Code.eval_quoted ast, [x: "Hello, world!"]

This AST is passed to me, and I cannot change the code it is generated with. I can modify the AST after I've been passed it though.

I thought to do this I could transform the AST to resemble this quoted expression:

ast = quote do
  x = var!(x)
  IO.puts x
end

After attempting this my AST looks like so:

{:__block__, [],
[{:=, [],
  [{:x, [], Elixir}, {:var!, [context: Check.Runner], [{:x, [], Elixir}]}]},
  {{:., [], [{:__aliases__, [alias: false], [:IO]}, :puts]}, [],
  [{:x, [], Check.RunnerTest}]}]}

This doesn't work. I thought that this might be due to having an incorrect value for the context of var!.

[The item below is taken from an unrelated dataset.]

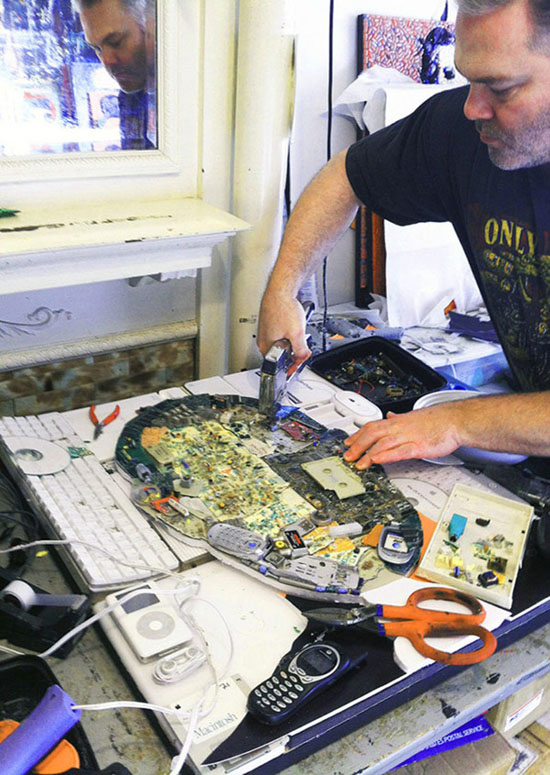 Джейсон Мерсье решил увековечить в присущей ему манере образ Стив Джобса. Для создания необычного портрета художник выбирал старую электронную технику: мобильные телефоны, CD-диски, кабели, провода, вилки, клавиатуры, дискеты, компьютерные мыши, флешки, аккумуляторы, фотоаппараты, карты памяти, батарейки, детали плат. Оказывается, даже легендарного предпринимателя можно собрать из такого вот сора.

Resolution: I now realise that the variables were in the incorrect scope, and I need an AST like this:

{:__block__, [],
[{:=, [],
  [{:x, [], Check.RunnerTest},
    {:var!, [context: Check.Runner], [{:x, [], Check.Runner}]}]},
  {{:., [], [{:__aliases__, [alias: false], [:IO]}, :puts]}, [],
  [{:x, [], Check.RunnerTest}]}]}

Solution

  • Your code should just work. In fact, you have written:

    ast = quote do
      x = var!(x)
      IO.puts x
    end
    

    But you showed the AST for some other code, one where you assigned 1 to var!(x). In other words, there is nothing wrong with the code above.